## What this task involves
A verbatim copy of the listing is the expected output.

## Data excerpt
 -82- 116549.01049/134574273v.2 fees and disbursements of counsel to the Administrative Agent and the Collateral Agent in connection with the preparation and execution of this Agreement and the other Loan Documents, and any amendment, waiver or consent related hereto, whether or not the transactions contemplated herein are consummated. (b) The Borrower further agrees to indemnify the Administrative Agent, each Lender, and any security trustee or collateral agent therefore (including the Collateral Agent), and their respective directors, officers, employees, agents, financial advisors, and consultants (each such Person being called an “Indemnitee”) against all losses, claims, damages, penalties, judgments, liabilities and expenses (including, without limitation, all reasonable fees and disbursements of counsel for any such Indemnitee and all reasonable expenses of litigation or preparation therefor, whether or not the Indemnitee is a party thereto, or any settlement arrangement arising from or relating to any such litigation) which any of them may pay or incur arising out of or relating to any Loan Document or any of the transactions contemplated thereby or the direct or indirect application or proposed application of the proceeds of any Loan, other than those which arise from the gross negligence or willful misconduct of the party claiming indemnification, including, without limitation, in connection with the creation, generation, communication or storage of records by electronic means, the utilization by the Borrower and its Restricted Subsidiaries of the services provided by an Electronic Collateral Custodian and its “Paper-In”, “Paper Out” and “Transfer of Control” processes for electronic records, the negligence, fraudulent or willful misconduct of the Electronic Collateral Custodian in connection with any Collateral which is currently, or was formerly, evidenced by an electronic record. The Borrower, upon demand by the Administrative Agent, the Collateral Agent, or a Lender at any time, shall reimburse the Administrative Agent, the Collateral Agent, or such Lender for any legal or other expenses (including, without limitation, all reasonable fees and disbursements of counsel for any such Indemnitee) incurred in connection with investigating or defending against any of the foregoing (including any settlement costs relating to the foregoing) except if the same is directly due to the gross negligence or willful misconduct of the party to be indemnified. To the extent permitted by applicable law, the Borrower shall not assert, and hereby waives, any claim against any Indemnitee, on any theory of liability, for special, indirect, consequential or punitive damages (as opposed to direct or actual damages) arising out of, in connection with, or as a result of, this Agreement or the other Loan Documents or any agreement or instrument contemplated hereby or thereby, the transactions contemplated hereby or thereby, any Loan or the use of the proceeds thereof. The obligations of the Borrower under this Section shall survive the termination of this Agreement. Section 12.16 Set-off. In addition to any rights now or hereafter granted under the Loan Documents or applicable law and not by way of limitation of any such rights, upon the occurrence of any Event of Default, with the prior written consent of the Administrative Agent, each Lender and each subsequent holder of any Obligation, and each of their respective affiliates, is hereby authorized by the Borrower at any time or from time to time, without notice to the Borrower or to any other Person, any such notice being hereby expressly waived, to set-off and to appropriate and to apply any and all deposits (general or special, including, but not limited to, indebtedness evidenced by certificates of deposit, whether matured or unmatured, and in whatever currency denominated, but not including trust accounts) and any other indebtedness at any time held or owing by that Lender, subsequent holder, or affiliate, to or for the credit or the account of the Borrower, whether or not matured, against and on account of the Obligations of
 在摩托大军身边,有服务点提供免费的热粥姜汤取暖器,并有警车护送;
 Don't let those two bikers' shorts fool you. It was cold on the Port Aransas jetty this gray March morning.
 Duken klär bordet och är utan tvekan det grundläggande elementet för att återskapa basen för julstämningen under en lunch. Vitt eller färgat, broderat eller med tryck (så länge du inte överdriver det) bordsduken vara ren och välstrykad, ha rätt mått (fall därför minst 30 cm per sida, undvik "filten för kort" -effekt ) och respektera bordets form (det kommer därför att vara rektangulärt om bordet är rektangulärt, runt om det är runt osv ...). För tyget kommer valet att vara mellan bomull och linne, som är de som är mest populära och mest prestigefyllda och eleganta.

## Solution for this task
 -82- 116549.01049/134574273v.2 fees and disbursements of counsel to the Administrative Agent and the Collateral Agent in connection with the preparation and execution of this Agreement and the other Loan Documents, and any amendment, waiver or consent related hereto, whether or not the transactions contemplated herein are consummated. (b) The Borrower further agrees to indemnify the Administrative Agent, each Lender, and any security trustee or collateral agent therefore (including the Collateral Agent), and their respective directors, officers, employees, agents, financial advisors, and consultants (each such Person being called an “Indemnitee”) against all losses, claims, damages, penalties, judgments, liabilities and expenses (including, without limitation, all reasonable fees and disbursements of counsel for any such Indemnitee and all reasonable expenses of litigation or preparation therefor, whether or not the Indemnitee is a party thereto, or any settlement arrangement arising from or relating to any such litigation) which any of them may pay or incur arising out of or relating to any Loan Document or any of the transactions contemplated thereby or the direct or indirect application or proposed application of the proceeds of any Loan, other than those which arise from the gross negligence or willful misconduct of the party claiming indemnification, including, without limitation, in connection with the creation, generation, communication or storage of records by electronic means, the utilization by the Borrower and its Restricted Subsidiaries of the services provided by an Electronic Collateral Custodian and its “Paper-In”, “Paper Out” and “Transfer of Control” processes for electronic records, the negligence, fraudulent or willful misconduct of the Electronic Collateral Custodian in connection with any Collateral which is currently, or was formerly, evidenced by an electronic record. The Borrower, upon demand by the Administrative Agent, the Collateral Agent, or a Lender at any time, shall reimburse the Administrative Agent, the Collateral Agent, or such Lender for any legal or other expenses (including, without limitation, all reasonable fees and disbursements of counsel for any such Indemnitee) incurred in connection with investigating or defending against any of the foregoing (including any settlement costs relating to the foregoing) except if the same is directly due to the gross negligence or willful misconduct of the party to be indemnified. To the extent permitted by applicable law, the Borrower shall not assert, and hereby waives, any claim against any Indemnitee, on any theory of liability, for special, indirect, consequential or punitive damages (as opposed to direct or actual damages) arising out of, in connection with, or as a result of, this Agreement or the other Loan Documents or any agreement or instrument contemplated hereby or thereby, the transactions contemplated hereby or thereby, any Loan or the use of the proceeds thereof. The obligations of the Borrower under this Section shall survive the termination of this Agreement. Section 12.16 Set-off. In addition to any rights now or hereafter granted under the Loan Documents or applicable law and not by way of limitation of any such rights, upon the occurrence of any Event of Default, with the prior written consent of the Administrative Agent, each Lender and each subsequent holder of any Obligation, and each of their respective affiliates, is hereby authorized by the Borrower at any time or from time to time, without notice to the Borrower or to any other Person, any such notice being hereby expressly waived, to set-off and to appropriate and to apply any and all deposits (general or special, including, but not limited to, indebtedness evidenced by certificates of deposit, whether matured or unmatured, and in whatever currency denominated, but not including trust accounts) and any other indebtedness at any time held or owing by that Lender, subsequent holder, or affiliate, to or for the credit or the account of the Borrower, whether or not matured, against and on account of the Obligations of
 在摩托大军身边,有服务点提供免费的热粥姜汤取暖器,并有警车护送;
 Don't let those two bikers' shorts fool you. It was cold on the Port Aransas jetty this gray March morning.
 Duken klär bordet och är utan tvekan det grundläggande elementet för att återskapa basen för julstämningen under en lunch. Vitt eller färgat, broderat eller med tryck (så länge du inte överdriver det) bordsduken vara ren och välstrykad, ha rätt mått (fall därför minst 30 cm per sida, undvik "filten för kort" -effekt ) och respektera bordets form (det kommer därför att vara rektangulärt om bordet är rektangulärt, runt om det är runt osv ...). För tyget kommer valet att vara mellan bomull och linne, som är de som är mest populära och mest prestigefyllda och eleganta.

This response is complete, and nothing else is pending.